Hampir semua orang di Indonesia mungkin tahu bahwa sektor migas pernah menjadi sektor andalan di negeri ini. Namun pada perkembangannya, sektor ini mengalami berbagai tantangan yang tak mudah untuk ditaklukkan.
Pemerintah rupanya juga tidak menutup mata dengan fluktuasi yang terjadi di sektor strategis ini. Paradigma yang digunakan pun bergeser, migas bukan lagi sebagai sumber pendapatan utama negara, melainkan migas menjadi lokomotif perekonomian Indonesia.

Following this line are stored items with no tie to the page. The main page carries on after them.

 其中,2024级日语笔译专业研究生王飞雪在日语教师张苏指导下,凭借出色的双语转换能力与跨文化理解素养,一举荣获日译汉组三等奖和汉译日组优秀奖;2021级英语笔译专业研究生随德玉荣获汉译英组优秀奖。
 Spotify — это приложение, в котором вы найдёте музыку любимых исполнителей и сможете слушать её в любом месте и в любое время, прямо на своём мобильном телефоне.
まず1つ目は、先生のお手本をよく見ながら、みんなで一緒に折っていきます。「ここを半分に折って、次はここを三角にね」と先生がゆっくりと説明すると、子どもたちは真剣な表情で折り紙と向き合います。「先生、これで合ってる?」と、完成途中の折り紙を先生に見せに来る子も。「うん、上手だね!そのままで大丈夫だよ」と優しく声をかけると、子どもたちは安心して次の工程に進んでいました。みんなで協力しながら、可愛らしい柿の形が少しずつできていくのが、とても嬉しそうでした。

Interpretasi dari perubahan paradigma ini terlihat dalam aktivitas industri hulu migas yang diharapkan banyak menimbulkan multiplier effect bagi perekonomian.

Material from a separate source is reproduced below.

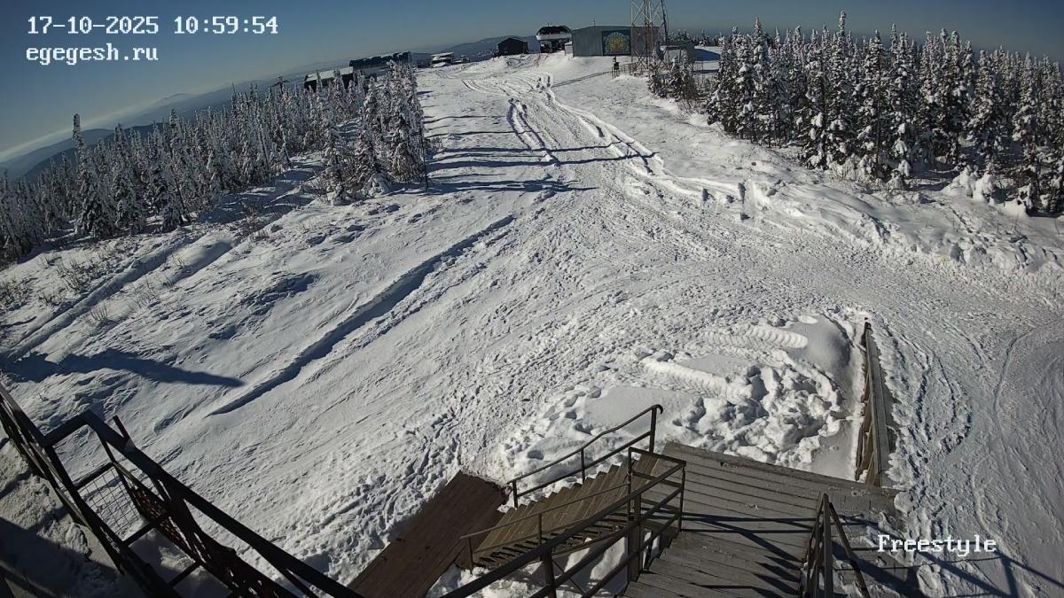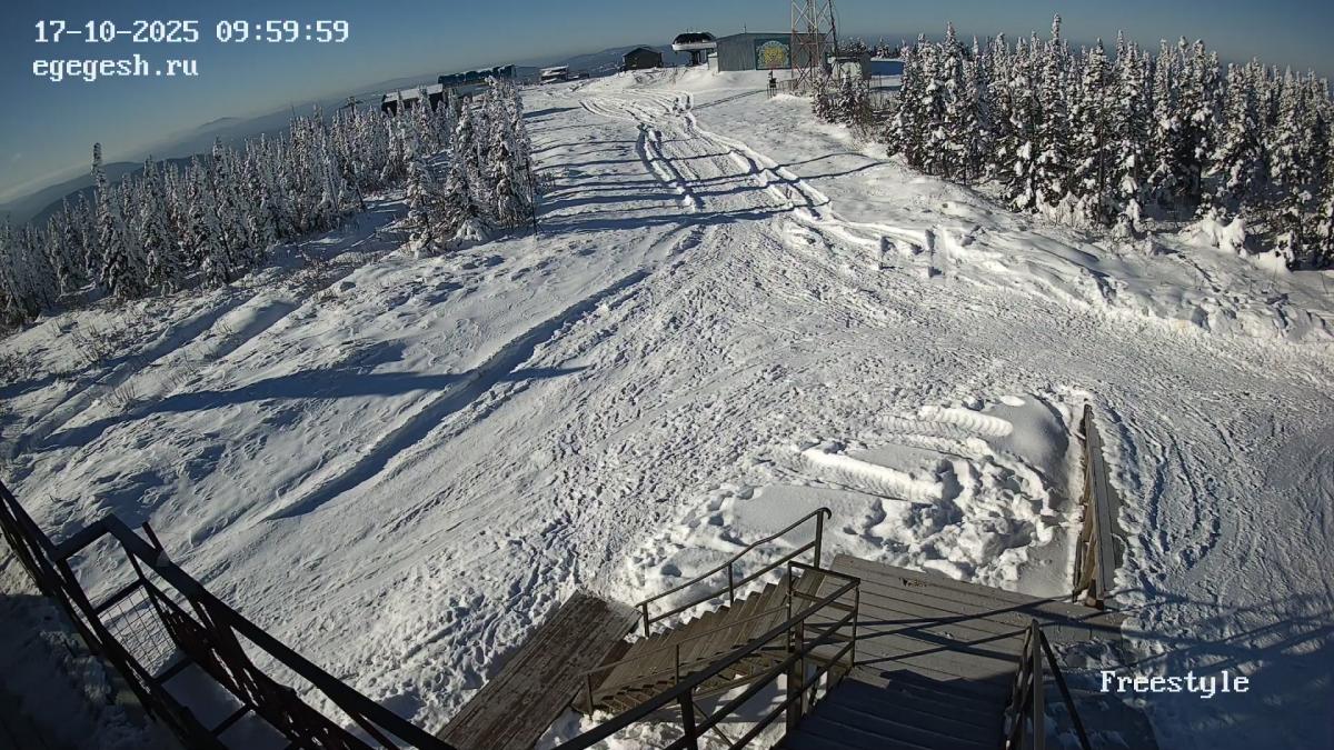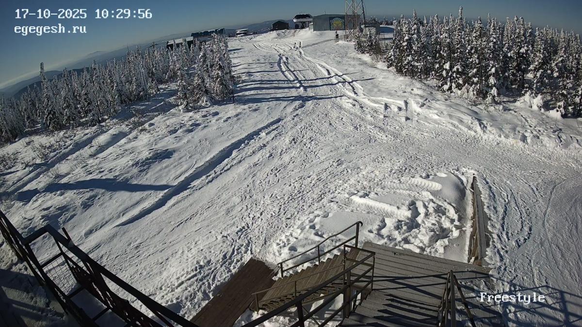 Веб-камера установлена на здании кафе Freedom. Добраться можно на подъемнике «Фристайл».
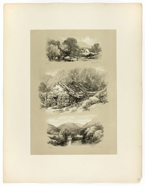 Curator: Immediately, I see such lovely contrasts, stark yet romantic, you know? It's like two little daydreams sitting side by side. Editor: Yes! We're looking at “Beaufort and Serves, from Picturesque Selections,” a lithograph on paper created around 1860 by James Duffield Harding. What strikes me is how these serene landscapes, seemingly divorced from overt political narratives, were actively consumed within a socio-political context of expanding tourism and notions of national identity. Curator: Expanding tourism...right! Suddenly these aren't just picturesque villages; they're postcards before postcards! Visual bait designed to make you ache for a trip. The artist's hand…it's not just sketching a scene, it's selling a feeling. Editor: Precisely. And consider the rise of illustrated publications during this era. Prints like these weren't solely artistic expressions but crucial disseminators of visual culture. The print medium allowed these visions to be widely accessible. Harding plays with light and shadow, capturing the architectural textures and mountain backdrops. Curator: Definitely playing with something, possibly my desire to just vanish into one of these prints. Look how detailed those little rooftops are, and the implied shadows...makes you want to peek into those windows, doesn't it? It almost romanticizes daily life in some faraway corner of the world. Editor: Well, yes, the “picturesque” aesthetic often selectively frames reality, idealizing certain aspects while downplaying the grittier sides of life. And the “picturesque” as a trend became quite the business. Curating the world into an aesthetic experience to be packaged and sold, effectively. Curator: So you're saying, while I'm swooning over quaint rooftops, I should be considering the commercial intent lurking beneath? The art historian never sleeps! But point taken, I guess this isn't just a harmless doodle after all. It’s got a message; come, spend money, discover “authentic” Europe. Editor: It's a balancing act, isn't it? Recognizing the role these images played within their time while still allowing ourselves to be captivated by the art. Curator: Alright, balance achieved. Now if you’ll excuse me, I think I’ll go book that European getaway. Inspiration struck. Editor: I suppose it proves the print is still working its magic even after all these years.

Seperti pada tulisan sebelumnya, beberapa hal yang saya tuliskan sebagai multipplier effect aktivitas industri hulu migas di antaranya melalui penyerapan tenaga kerja. Pada tulisan lainnya, kegiatan hulu migas juga mampu memicu perekonomian lokal di daerah-daerah operasi para kontraktor migas melalui kerjasama dengan BUMD atau entitas lokal lainnya.

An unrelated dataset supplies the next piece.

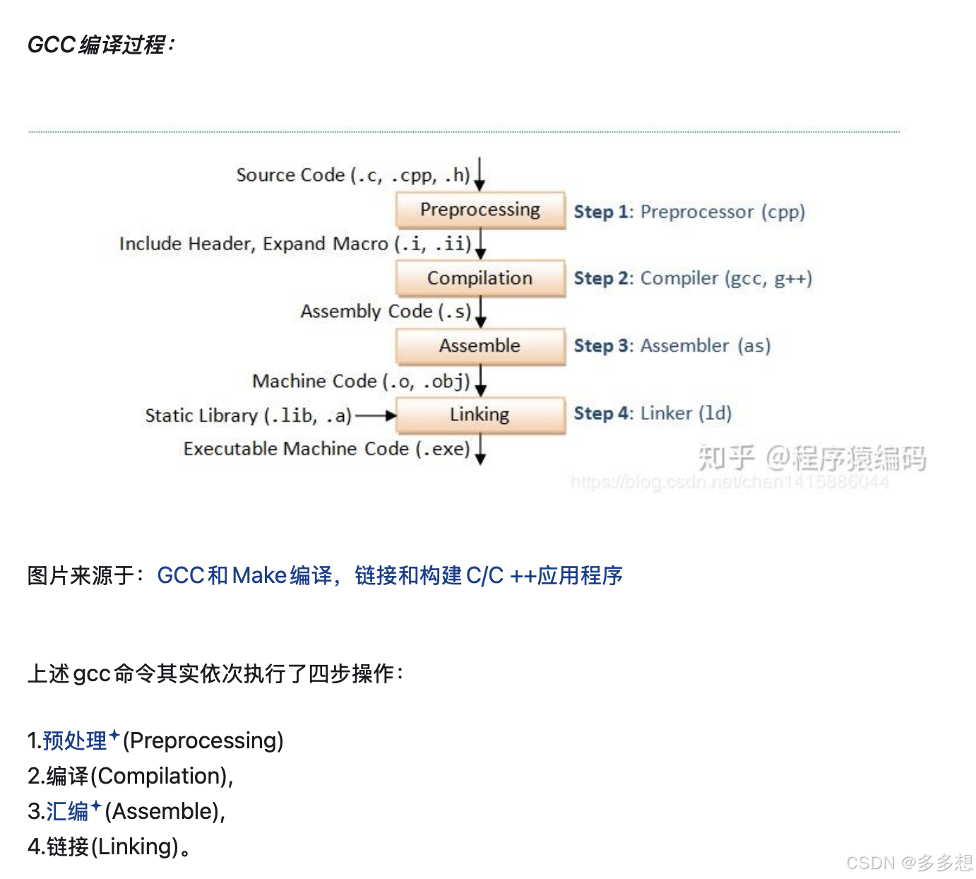 生成可执行程序过程为成四个步骤:

Salah satu multipplier effect lainnya yang berdampak besar adalah pelibatan perbankan nasional dalam industri hulu migas. Karena dari pelibatan perbankan tersebut, secara nyata mampu menggerakkan sektor-sektor yang lain. Dampak industri hulu migas pun menyebar gaungnya kemana-mana, membantu meningkatkan produktivitas bangsa.
Dari publikasi yang didapatkan dari SKK Migas, disebutkan bahwa sejak 2008 SKK Migas mengharuskan transaksi pembayaran pengadaan barang dan jasa dilakukan dengan perantara perbankan nasional. Setelah kebijakan diterapkan, nilai transaksi pengadaan terus mengalami tren peningkatan. Jika pada 2009 transaksi yang dilakukan sebesar US$ 3,97 miliar, pada akhir 2013 transaksinya sudah hampir menyentuh US$ 8 miliar. Selain itu, pemanfaatan perbankan nasional juga dilakukan melalui kewajiban kontraktor menyimpan dana cadangan (reserve) untuk pemulihan kondisi lapangan setelah operasi (Abandonment and Site Restoration/ASR). Hingga 31 Januari 2014, penempatan dana ASR yang disimpan di Bank BUMN mencapai US$ 501 juta.
Pada akhir 2013, total transaksi industri hulu migas telah mencapai US$ 57,8 miliar. Angka tersebut berasal dari kontraktor kontrak kerja sama (kontraktor KKS) yang sudah berproduksi. Secara detail dijabarkan bahwa dana tersebut adalah akumulasi dari transaksi minyak sekitar US$ 31,3 miliar, gas pipa sebesar US$ 12,4 miliar, dan gas alam cair (liquefied natural gas/LNG) dan elpiji (liquefied petroleum gas/LPG) sebesar US$ 14,1 miliar.